▸ **Exercise requirements**
Output each record verbatim, with pictures left out.

▸ **Dataset records**
□ □ □

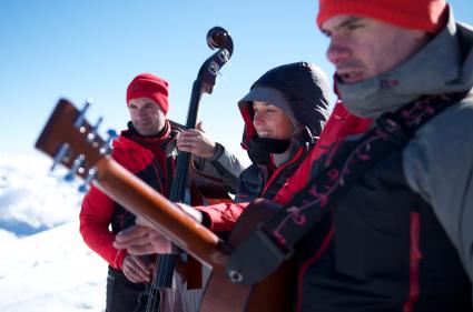 Begleitung ihrer Band auf dem Gipfel des Mont Blanc (4810m) und sang
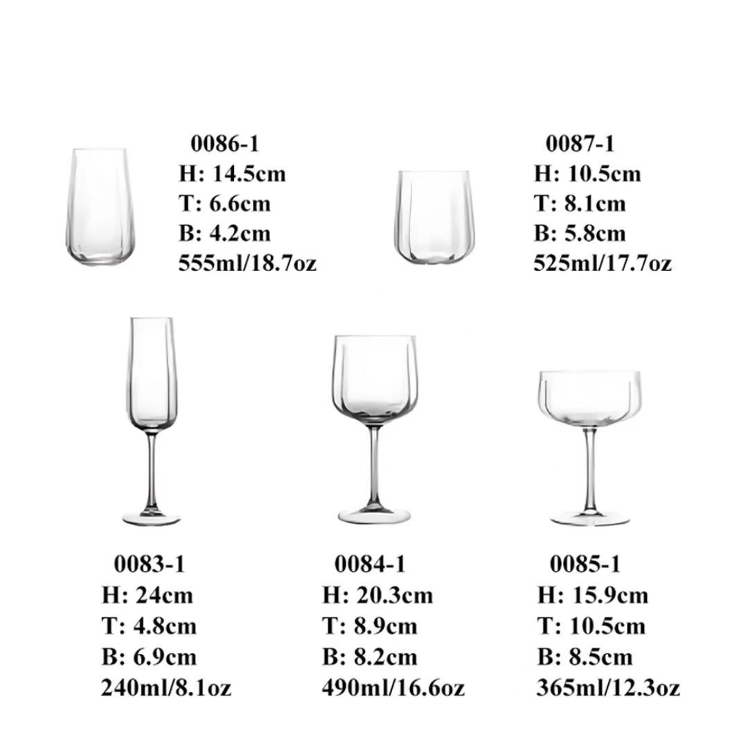 赤ワイングラス - シングル,シャンパングラス--シングル,カクテルグラス,背の高いウォーターカップ,短いウォーターカップ
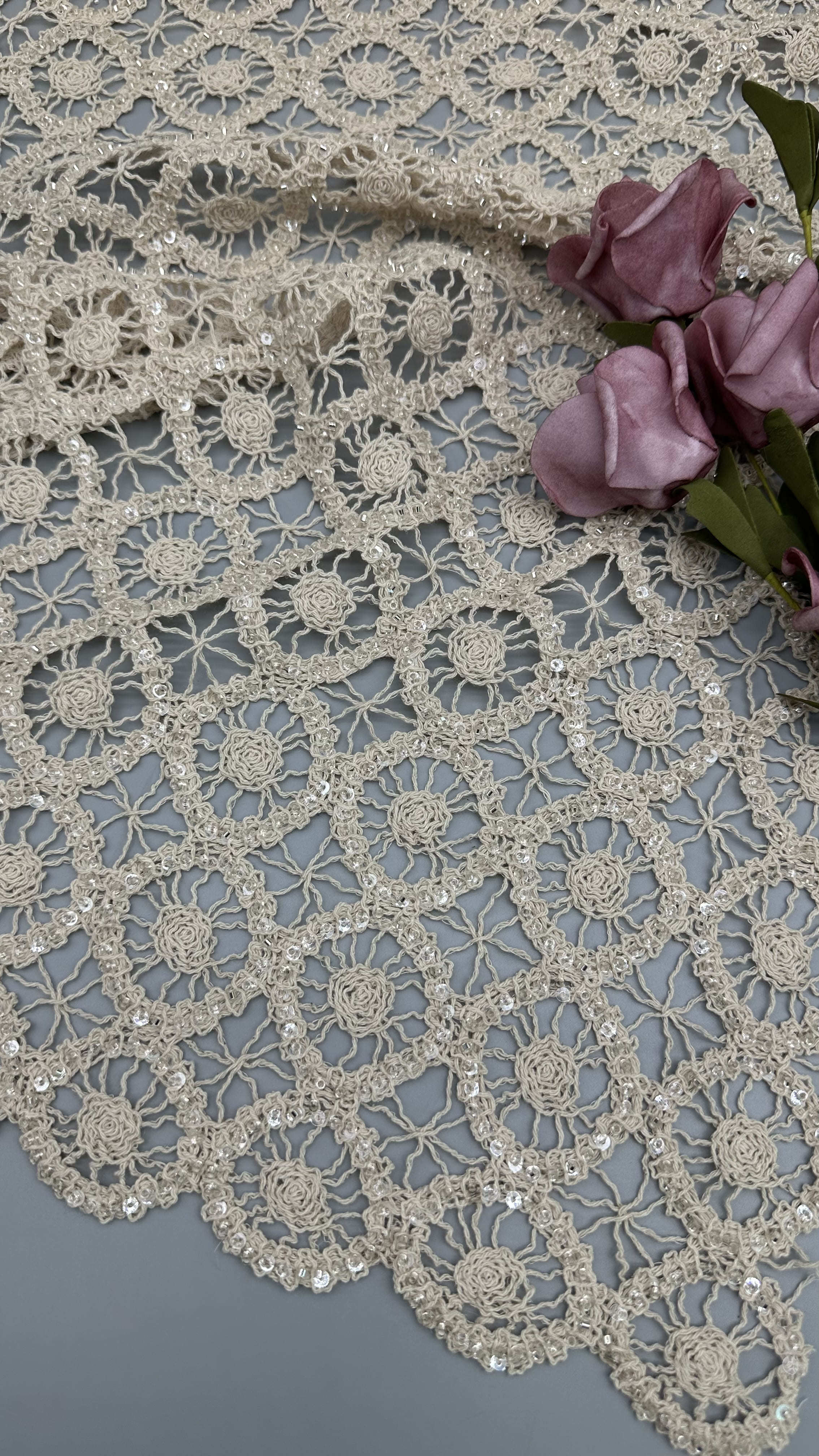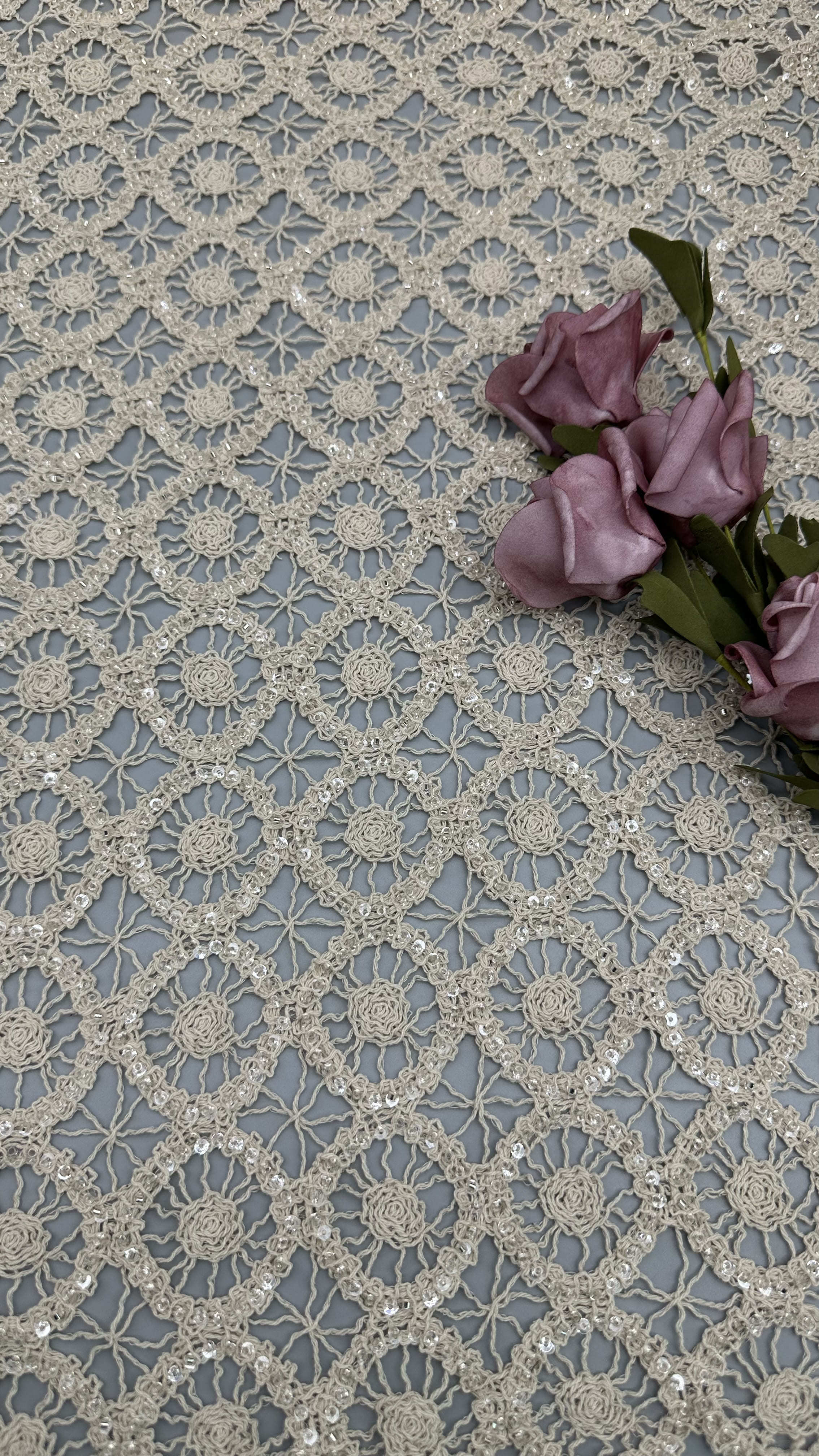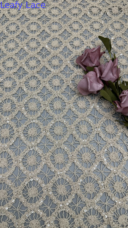 Highlight: | Corded Sequin Embroidered Lace Fabric,Corded Embroidered Lace Fabric |
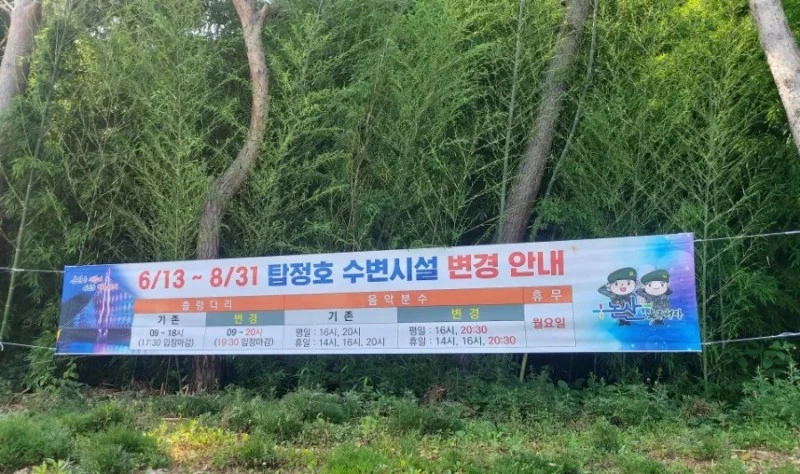 논산 탑정호 출렁다리는 2021년 7월 28일부터 무료로 시범운영하다가 2022년 3월에 입장료를 받은 이후 찾는 사람들이 급격히 줄어든 탓에 2023년 1월부터는 다시 무료입장으로 전환했답니다. 무료로 전환된 뒤 2023년 6월에 탑정호 출렁다리를 찾으니, 6월13일~ 8월 31일까지 여름시즌 한정으로 이용시간이 변경됐더라고요.
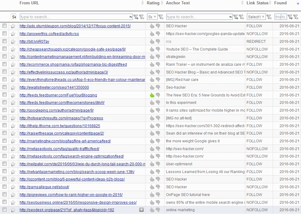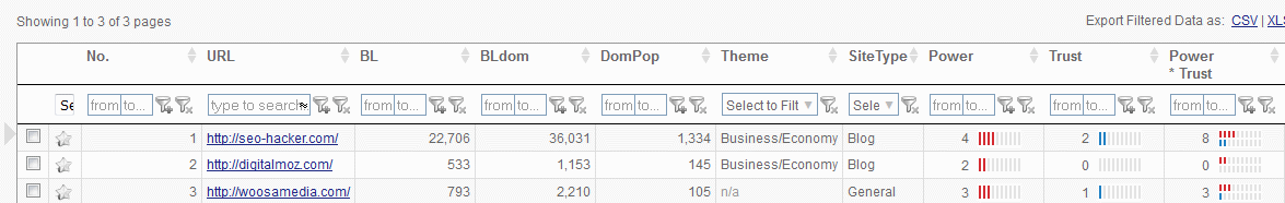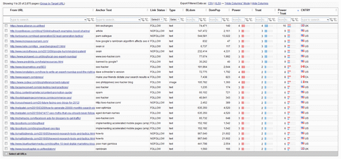 In this example, just like in my previous review, the report showed more than 2,000 prospects for SEO Hacker. This definitely beats having to go through each page in the SERPs just to collate possible link prospects.

□ □ □

▸ **Task response**
 Begleitung ihrer Band auf dem Gipfel des Mont Blanc (4810m) und sang
 赤ワイングラス - シングル,シャンパングラス--シングル,カクテルグラス,背の高いウォーターカップ,短いウォーターカップ
 Highlight: | Corded Sequin Embroidered Lace Fabric,Corded Embroidered Lace Fabric |
 논산 탑정호 출렁다리는 2021년 7월 28일부터 무료로 시범운영하다가 2022년 3월에 입장료를 받은 이후 찾는 사람들이 급격히 줄어든 탓에 2023년 1월부터는 다시 무료입장으로 전환했답니다. 무료로 전환된 뒤 2023년 6월에 탑정호 출렁다리를 찾으니, 6월13일~ 8월 31일까지 여름시즌 한정으로 이용시간이 변경됐더라고요.
 In this example, just like in my previous review, the report showed more than 2,000 prospects for SEO Hacker. This definitely beats having to go through each page in the SERPs just to collate possible link prospects.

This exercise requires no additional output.